The future of sales? Affiliates

I just returned from the splendid Affiliate Summit in Las Vegas, Nevada (conveniently held immediately after the huge Consumer Electronics Show) where I gave a well-attended business blogging workshop, and was fascinated by the wide range of affiliate programs available to interested publishers. Over 1,200 attendees were excited about affiliate programs too.
There were a wide range of attendees, but it was surprisingly common to meet someone who earned $10,000 or more monthly from their efforts to help other companies sell products or services, ranging from books and music to credit cards and even gambling (and, yes, porn, but those folk were careful to stay away from the light of day).
It was good timing, therefore, when I noticed today that PR Leads forwarded along a query from a freelance writer seeking experts to discuss technologies that are “changing the sales profession.”


The more I thought about this query, the more I realized that there’s really nothing that’s changing the world of sales more than affiliate programs.
Here’s the full request:
“I’m doing a story on technologies that are changing the sales profession, such as RFID tags, or vertical ‘deep search’ engines. I’m looking for examples of companies that use these technologies, and other technologies that will change sales and marketing…”
I fear that the reporter just doesn’t get it.
A quick aside, though, to explain affiliate marketing: You join a company’s affiliate program and once you’re approved, you get a special code that you include on all links you have to their site. When someone visits your site, clicks on one of your affiliate links, and then goes to the vendor and actually buys a product or service, you are paid a small commission.
For example, I’m an Amazon.com Associate (Amazon calls their affiliates “associates” for reasons that remain beyond my understanding) so I can easily use its Associates area to search for a particular product and then be shown the exact code I need to embed an affiliate link on my own Web page or weblog. Try it: buy The daVinci Code and I’ll make a few cents in commission.
This sales model might not seem earth-shattering, but my colleague Anne Holland at Marketing Sherpa estimates that affiliates accounted for a total of $6.5 billion in sales in 2005. That’s a lot of commissions!
Remember, the beautiful thing about an affiliate program is that there’s no salary to pay, no health benefits, no office to stock, no computer to buy. In fact, a company can double or even triple its affiliates without incurring any cost whatsoever. It’s the sales version of “pay per click”: affiliates are only paid when the transaction is completed, so there’s no risk.
Unsurprisingly, a small number of affiliates generate the majority of sales just as one or two retail outlets will lead their corporations in sales. Indeed, a common figure you hear when you talk with companies that have affiliate programs is that 5% of affiliates generate about 95% of sales.
If I were running an online store or selling products online, I wouldn’t be looking for new technologies that will change sales because nothing, not RFID, not ‘deep search engines’, will have more potential impact than empowering thousands of other Internet people to sell my service and product through an affiliate program.
Sounds like this topic would make for a good interview with that journalist, doesn’t it?

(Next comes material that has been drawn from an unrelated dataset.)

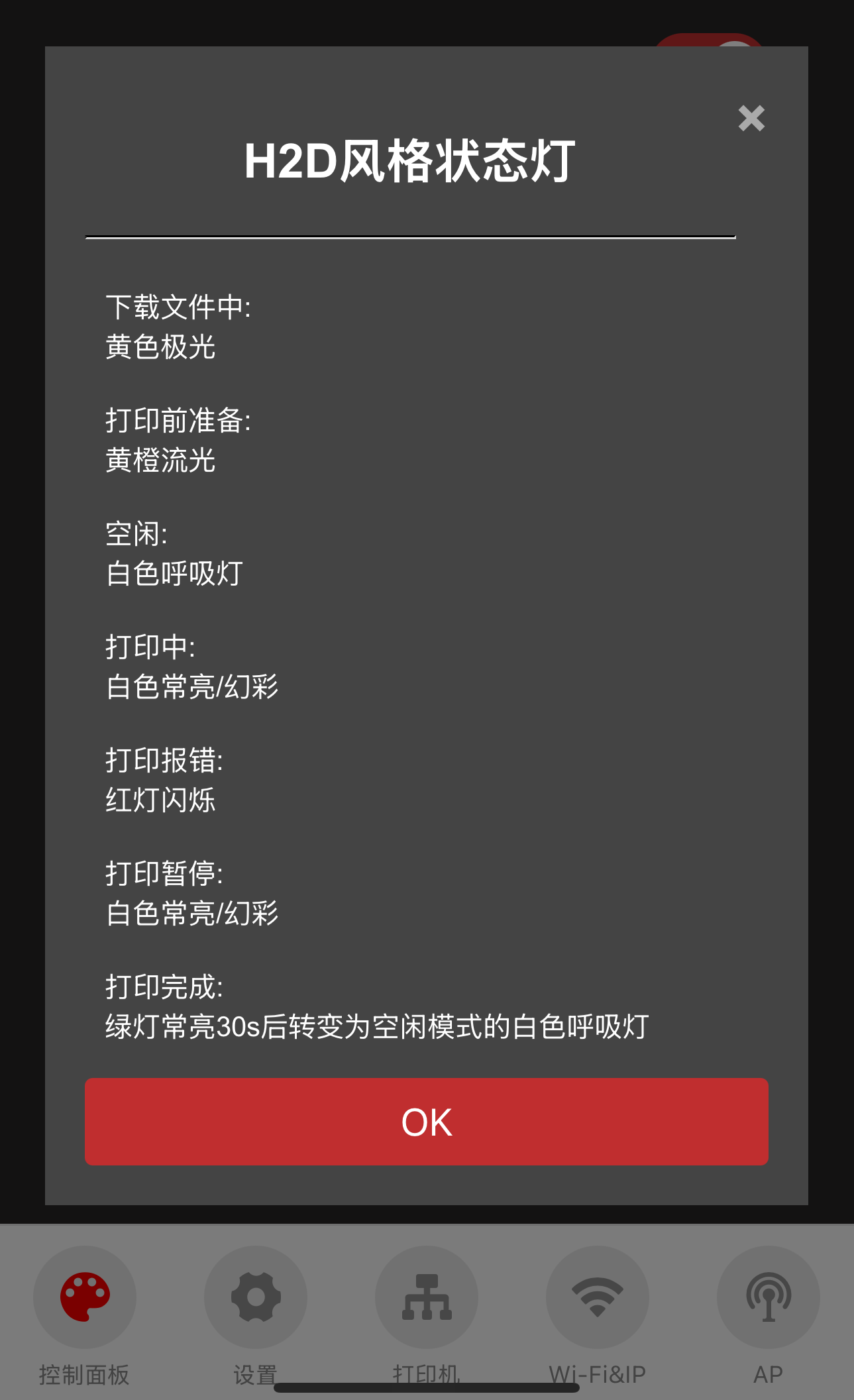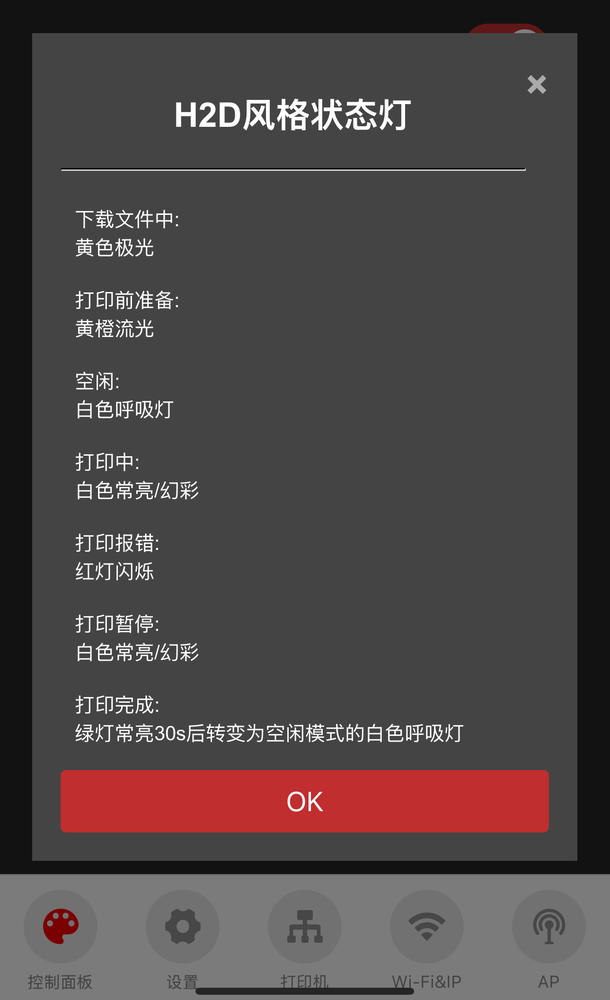 ④ 打印机库存灯亮起后,自动打开和关闭RGB效果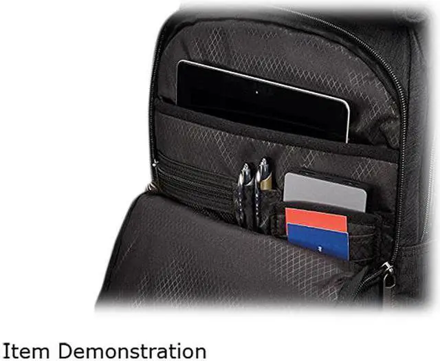 ? Tablet/iPadâ® pocket with tricot lining. ? Padded drop in laptop compartment holds up to a 15.6" laptop. ? Key fob in front zippered pocket for keys or other small clip-on items. ? Top carry-handle is padded for comfort. ? Air mesh padding on back and shoulder straps. ? Matte gunmetal hardware for durability and style. ? Constructed of two-tone ripstop polyester for durability. ? Bottom of bag is water-resistant. ? SmartSleeveâ?¢ slides over Upright handles for easy mobility. ? Multiple zippered quick-stash pockets provide plenty of storage and easy access to items. ? Weight: 2.0 lbs.

4 comments on “The future of sales? Affiliates

  1. Hi Dave,
    Good post. I happen to agree with you regarding affiliate sales being hugely significant in the online world.
    However, I believe you and that reporter were talking apples and oranges.
    RFID, for instance, will one day transform retail. But in the near term its impact will be felt in the physical store, not online (and even its in-store impact is very very limited so far, and mostly it impacts stocking the store). Long term it will impact online behavior but we are a ways from that happening.
    Affiliate sales, on the other hand, have zero impact on in store sales. The impact is felt online. Oh, you could argue that online sales are eroding in store sales and so indirectly affiliate sales are being felt in the store. But I am talking direct, immediate impact, and affiliate sales simply don’t have any to speak of in the store.
    They are just completely different animals.
    Anita

  2. Jackie, some sites just don’t attract the kind of visitor that is in a buying mood. Your site also looks like it’s lacking in actual content, so I’m guessing that people come to your site but don’t stick around very long?